I wind the toroids with a doubled over piece of magnet wire (bifilar winding) then connect the start to the finish on one coil - this way I may still miscount the turns but the center tap will always be in the center. With ~15 turns of wire and no load on the circuit - the output can be as much as high as 90-100 - and it will fry a 2N4401 most of the time - so keep the led in the circuit; your TIP31 is only good for 40 volts.

no need to remove the wire you already have on, just wind over it

Not at all, they can work quite well _if_ you keep any DC components out of the flux.

Yep. Best would be to drive this core push-pull and capacitively coupled.

Michael, for heavier loads that can be done using a motor driver chip as they can be found in printers, disk drives and such. Make sure the rectification doesn't introduce DC flux and that there is a wee choke right between rectifier and first capacitor to even out the load on the driver.

It does not seem worthwhile to spend time and energy to do experiments on unknown circuit components, especially without the necessary equipment, like a scope or an LCR meter.

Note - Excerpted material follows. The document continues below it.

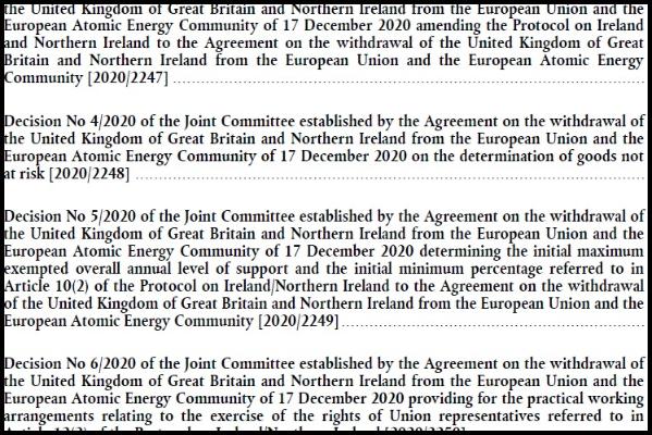 The provisions of EU law made applicable by the Protocol in the UK with respect to Northern Ireland are contained in a series of annexes. Where the UK and the EU agree that a new EU act should be applied, the relevant act is added to the Annex by a Decision of the Joint Committee which has general responsibility for decision-making concerning the implementation of the Protocol. How the Protocol is implemented is also determined by UK legislation.

Either of these can be obtained very inexpensively, especially if you are willing to get an older model and perhaps do a little repair work (which can be educational as well).

You can purchase toroidal cores with full specifications from DigiKey for a few dollars, and then you can wind transformers that will perform predictably. You can also probably get samples on-line.

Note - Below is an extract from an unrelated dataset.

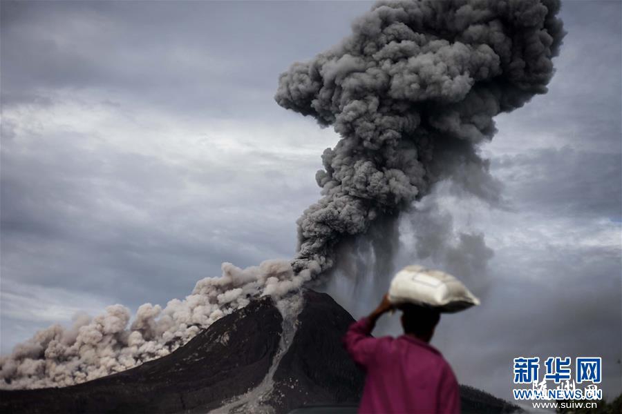 這是2017年122日在印度尼西亞北蘇門答臘省卡羅拍攝的錫納朋火山噴發(fā)的場(chǎng)景。錫納朋火山位于印尼北蘇門答臘省的卡羅縣,在沉寂近400年后于2010年首度噴發(fā)。20156月以來(lái),該火山一直處于最高警戒級(jí)別狀態(tài)。新華社發(fā)(安德里·金廷攝)

For the test equipment and the cores, eBay can be your friend, and also check out any local Hamfests that have electronic flea markets.

I would also suggest drawing up your circuit in LTspice, although transformer modeling can be tricky. You could start with a sample circuit for a flyback converter (5v 12v 20mA 1316.asc). It has a transformer model that will work for what you are trying to do. It has a 40 uH primary and a

Paul

Measuring where core saturation occurs is actually possible without a scope. Wind on three windings, 10 turns each or so. Run one to the soundcard output, one to the input. Start some level meter SW, FFT, or similar. Send an increasing amount of DC current through the third winding and see when the audio signal begins to drop off.

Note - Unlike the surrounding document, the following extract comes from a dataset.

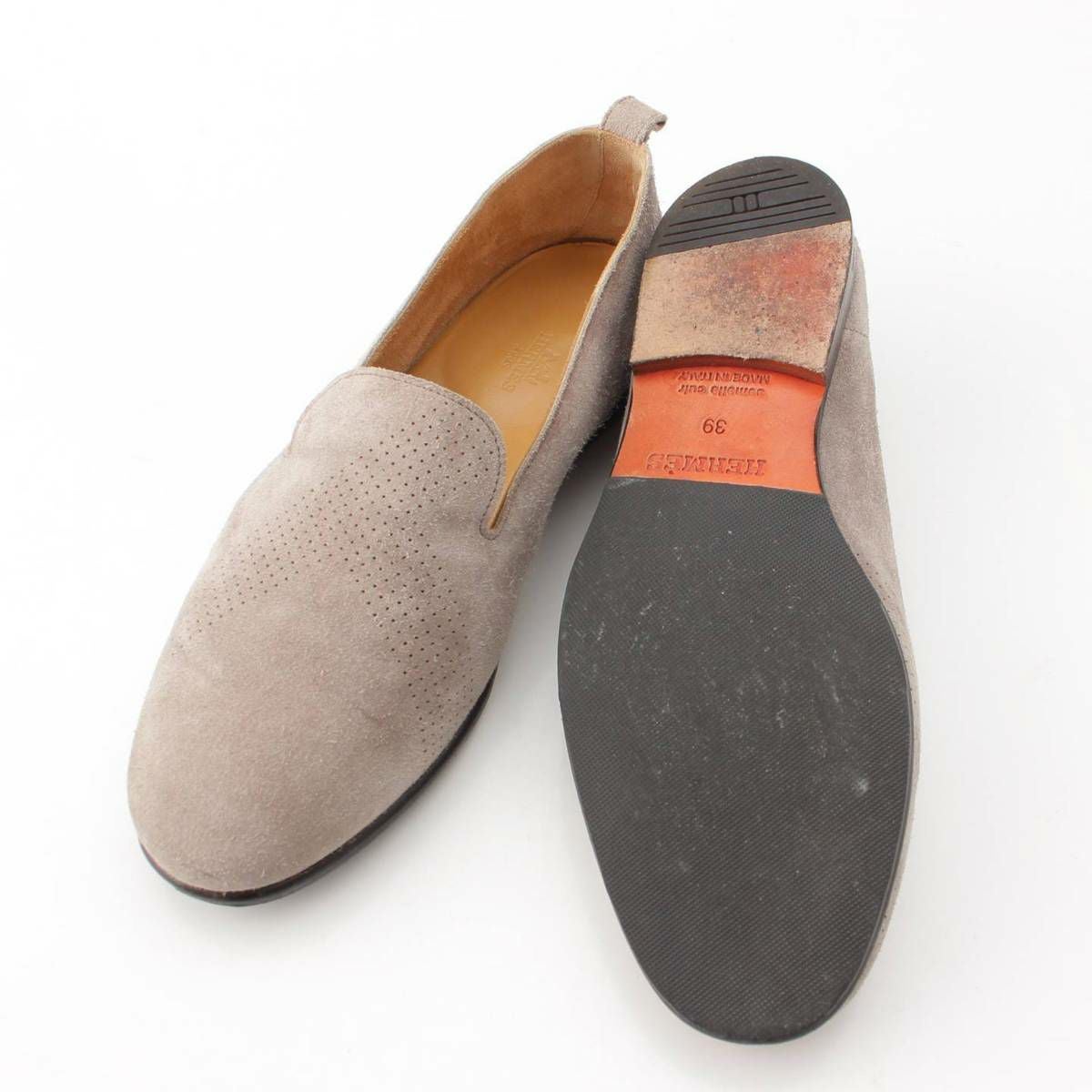 エルメス Hermes スエード Hロゴ パンチング ローファー シューズ グレージュ 39

I'd have to look it up; I'd probably put "flyback tutorial" or something in google search.

Good Luck! Rich

On Aug 27, 6:15 pm, Joerg wrote: .....

Thanks to all for the replies.

Turns out my astable multivibrator wasn't multivibrating at all - using a 555, I got it to work, kinda. My DMM measured 5VAC across the secondary. Strange, since this is about what I fed it with on the input (6VDC, switched, minus the drop from the TIP31A) - but it could be the high frequency confused my DMM. I was out of alligator clips, else I would have added the ultrafast diode and cap on the output - I measured it raw...

More study needed, when I have more spare time... it's the kids' bedtime now...

Michael

Just don't expect much out of a TIP31. The 555 doesn't have enough muscle to drive it properly. So wear goggles, seriously, because with stuff like this parts can go, in chemistry speak, "exotherm".